= Miniature Pony Centre =

English farm tourist attraction

The Miniature Pony Centre was a farm tourist attraction based in the Dartmoor National Park, near Moretonhampstead. In 2023, it permanently closed as a result of the cost of living crisis in the UK.

Originally, the land was owned by W.H. Smith of the retail chain. He was the first Lord Hambleden, and also owned Bovey Castle, formerly the Manor House.

The Miniature Pony Centre first opened to the public in 1986, when it was founded by Tony and Jane Dennis. The Dennises brought various breeds of equines to Dartmoor along with other farmyard animals. They founded the Kerswell stud in 1970 and they continued to breed their pedigree line of Kerswell ponies. The Miniature Shetland Ponies were bred at The Miniature Pony Centre under the Keensacre and Bottriell stud names.

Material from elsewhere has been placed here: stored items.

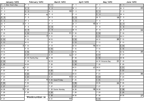 1692 calendar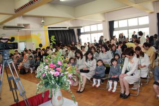 春の清清しい日にたくさんの新しい仲間が入園しました。おうちの方に手を引かれて坂道を上がってくる姿は、まだまだ小さくて、通園カバンが背中からはみ出しそうです。でも優しい年長さんや先生達が待っています。月曜日から元気に登園してくださいね!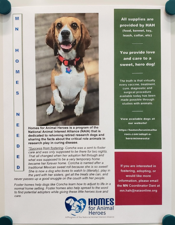Homes for Animal Heroes는 NAIA(National Animal Interest Alliance)의 프로그램의 일환으로 은퇴한 연구견의 입양과 동물 삶의 개선을 위한 교육을 담당한다. 한국에도 이와 비슷한 “비글 구조 네트워크” 단체가 있다.

The Miniature Shetland Pony is a very small Shetland pony. Ponies under 34 inches in height are classed as Miniature Shetland, whilst 34 to 42 inches (8.2 to 10.2 hands) is called a standard Shetland. The centre also bred Miniature Horses and Miniature Mediterranean donkeys. In 2020, the centre also welcomed its first pair of Miniature Pigs.

The centre was one of the original family farm attractions on Dartmoor National Park. In 2003, the centre was sold to new owners.